What more could anyone ask for? Elisabeth got that ... almost a year after I joined the army. In a way it did take a miracle ... though they were on very civil terms after Sir David's release. They were friends, Sir David wasn't risking being taken for a mickey, and thank-goodness Elisabeth had the patience to wait for a chance to prove her own truth. The truth was provided by an unlikely source and I still laugh when I remember the letter Evie sent which recounted the event. Elisabeth's Angel took the form of Lady Catherine de Bourgh and a very public interrogation. I don't know where Sir David was, but he had missed that particular ball ... probably in France, and he nods when I lift that query. Lady Catherine wanted to know why Elisabeth had not born Sir David a child ... I think it most restrained of Elisabeth not to have given Lady Catherine a very detailed description of why no child had come. Lady Catherine then proceeded to bewail the world at large the fact that Sir David was trapped into marriage with the French Hoyden (Elisabeth observes that she thinks Lady Catherine most polite not to have used the word she was undoubtedly thinking which was salaude ... not a word Lady Catherine would use in any situation). By Evie's account, and Elisabeth laughs and nods in response, Elisabeth had responded that divorce was possible in England and she doubted that Sir David considered himself too trapped ... Evie suggests at this point that Lady Catherine was shocked, I'm still surprised she didn't die! So it went on and by the end of the evening Elisabeth had more than settled her position as a Queen of Society (for she had been most restrained and elegant throughout while undergoing one of the cruelest possible tests). Lady Catherine left in a huff and delivered unto Sir David a lecture about the impropriety of his wife and her scandalous behaviour. Sir David has never told us what he told his Aunt, but Lady Catherine refrained from poisoning any event with her presence for quite a large number of years. I was in Portugal at that time so unfortunately missed all of Lady Catherine's years of exile. Neither has Sir David, nor Elisabeth even mentioned what happened the next time they met after the event of Lady Catherine and her 'advice' ... thank-goodness! I didn't and still don't wish to know.

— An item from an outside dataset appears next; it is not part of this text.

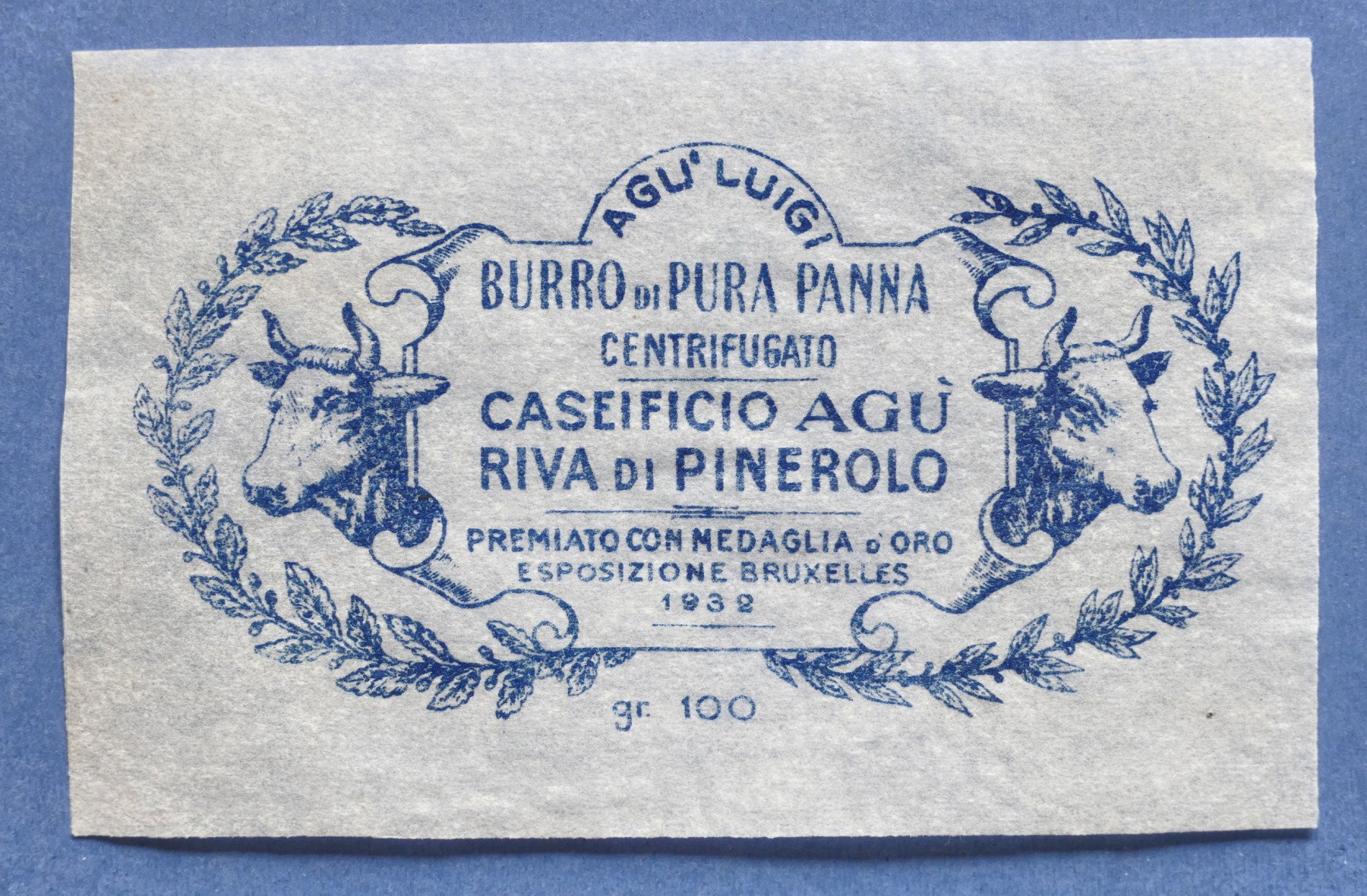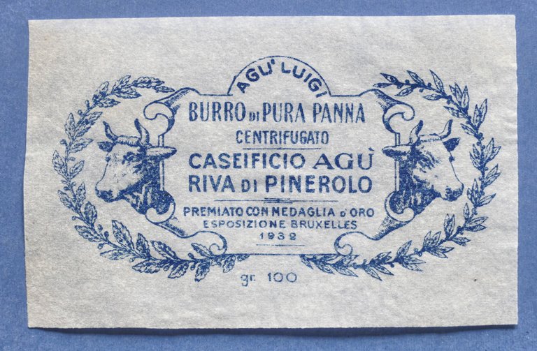 Pubblicità Carta confezione etichetta epoca Burro Caseificio Agù Riva Pinerolo

Elisabeth casts me a dirty look and petitions a special request which I lay below. It is Elisabeth's petition, but it comes equally from her and from Sir David ... even Evie is curious to see how I will word it.

The simple version of what passed in Olivier's lodging? I asked Olivier to set Sir David free and Olivier said he would think about it. I thanked Olivier for his time and patience and the next morning Sir David arrived at our lodgings with the observation that we had an hour to win free of Paris before the guard were informed of the escape. I know not what prompted Olivier's decision, like Sir David, he is too complex a man for me to attempt second guessing.

Sir David watches as I write and I feel deep peace. I have lived a life and I have done all I wished to do. I have lived a life, which has been filled with friends and experience. I have lived a life knowing that it is not the Genius who does everything. I am not a genius and no doubt anyone reading this book could think of innumerable ways whereby to daring free the Chief. That is the way I chose, and forty years later I feel confident I would still make the same choice. I can think of no greater gift to bestow upon a person than deep contentment and good friends. I could die tonight with no regrets, content and happy.